Moreover, the strain at the break of the E10 fibers shows a higher initial and sustained strain, indicating better retention of flexibility and elasticity throughout the degradation process. Therefore, both E6 and E10 went through a dramatic reduction in strain during degradation. Fibers showed a significant loss of flexibility as degradation progressed. This is consistent with the degradation mechanism, leading to brittle material easily fracturing under stress. A decrease in the molecular weight causes a considerable reduction in the fiber’s ability to stretch. Hence, it led to an increase in smaller, shorter polymer chains. These shorter chains form fewer entanglements and slide past each other more easily [66]. The results of mechanical changes in PLA fiber mats offer insights into how morphological scale fibers influence stability and longevity under degradation conditions.

4. Conclusions

This study highlighted the changes in PLA electrospun fiber mat properties when subjected to in vitro conditions using a phosphate-buffered saline solution at 37 °C, simulating physiological conditions. PLA fibers with two different diameters were electrospun from 6% (E6) and 10% (E10) solutions. We employed various analytical techniques to gather valuable insights into the fibers. The key findings are summarized as follows:

• SEM images showed significant degradation and fiber fracturing after 28 days. The E6 fiber mats lost 27.5% of their weight, while the E10 fibers lost 41%. Differences in diameter contributed to the varying degradation rates between the two fiber types.
• DSC analysis indicated that non-degraded samples had a lower T_g, suggesting solvent trapping and a plasticizing effect. The T_g of PLA electrospun fiber mats initially increased due to hydrolytic degradation and solvent release, then gradually decreased and increased again. The degree of crystallinity continuously decreased, indicating ongoing degradation. FTIR analysis revealed that the E10 fibers degraded more slowly and formed fewer carbonyl groups than the E6 fibers, likely due to their thicker structure and lower surface-area-to-volume ratio.
• Mechanical tests confirmed that both the E6 and E10 fiber mats underwent significant changes during degradation. E6 showed a sharp rise in Young’s modulus followed by a steep decline in yield strength after 7 days, while E10 exhibited more stability with slower degradation, showing a gradual decrease in yield strength and higher strain at break. After 28 days, E6’s modulus increased 3.55 times, while E10’s rose 2.23 times. The E10 fibers were more resistant to degradation, while the E6 fibers degraded faster and showed more significant changes in mechanical properties.

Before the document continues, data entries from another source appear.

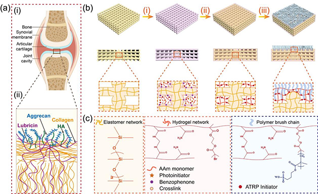 天然关节软骨由于其渗透性的表面润滑生物大分子和良好的机械耐受性,显示出低摩擦、高承载和优异的抗磨损性能。然而,由于磨损、疾病以及外伤等因素的影响,关节软骨不可避免地会受到一定的损坏。水凝胶表面摩擦力低、生物相容性良好,被认为是天然软骨的潜在替代材料。然而,传统的水凝胶材料机械性能较差,受压剪切过程很容易发生弹性变性(特别是在球-面接触工况下),即缺乏有效的力学网络支撑结构和能量耗散途径,限制了其工程应用。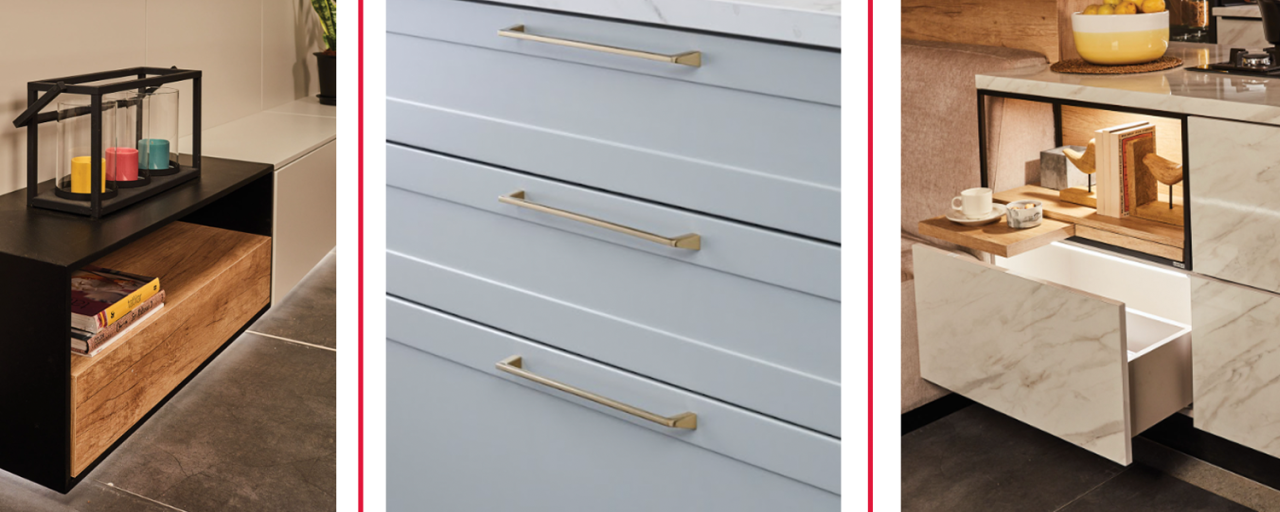 Häfele’nin yaşam alanınızda değerlendirebileceğiniz vitrini bu konuda ideal bir çözüm. Verimli depolama olanağı sunan çekmece sisteminin özel tasarım kaliteli ray mekanizması uzun ömürlülüğünün de güvencesi.
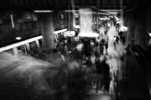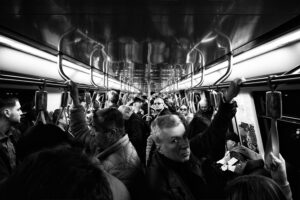 Oameni de toate vârstele, diferite chipuri și vieți se contopesc acolo, în subteran, într-o continuă mișcare. Ei nu sunt uniți prin conversație, ci prin absență, orientați spre eul lor interior, suspendați în timp și spațiu. Metroul devine o zonă de tranzit atât pentru corp, cât și pentru minte. În graba orelor de vârf, am observat cum acest sistem, construit pentru mișcare, oprește timpul într-un alt fel de imobilitate: emoțională, relațională, și umană.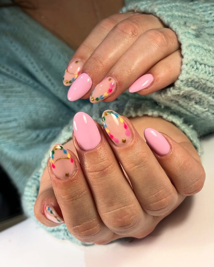 12. Soft Pink Almond Nails with Colorful Abstract Details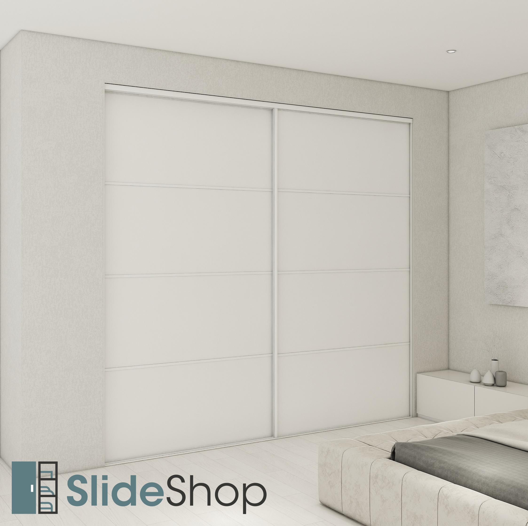Doors are made-to-measure to fit the door opening, with wheels and guides pre-fitted to the panel.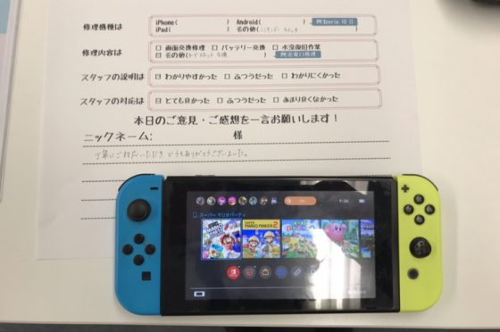 【お客様の声】Nintendo Switch 液晶画面交換修理

These findings offer valuable insights into the degradation of PLA fiber mats and their potential for biomedical applications. Understanding how fiber diameter and crystallinity affect degradation in tissue engineering will help design scaffolds that maintain strength during early tissue growth and degrade as new tissue forms. For bioresorbable implants, this study’s insights into the mechanical properties and degradation behavior of PLA fibers will guide the development of implants that provide support during healing and degrade at the optimal rate, reducing the need for surgical removal.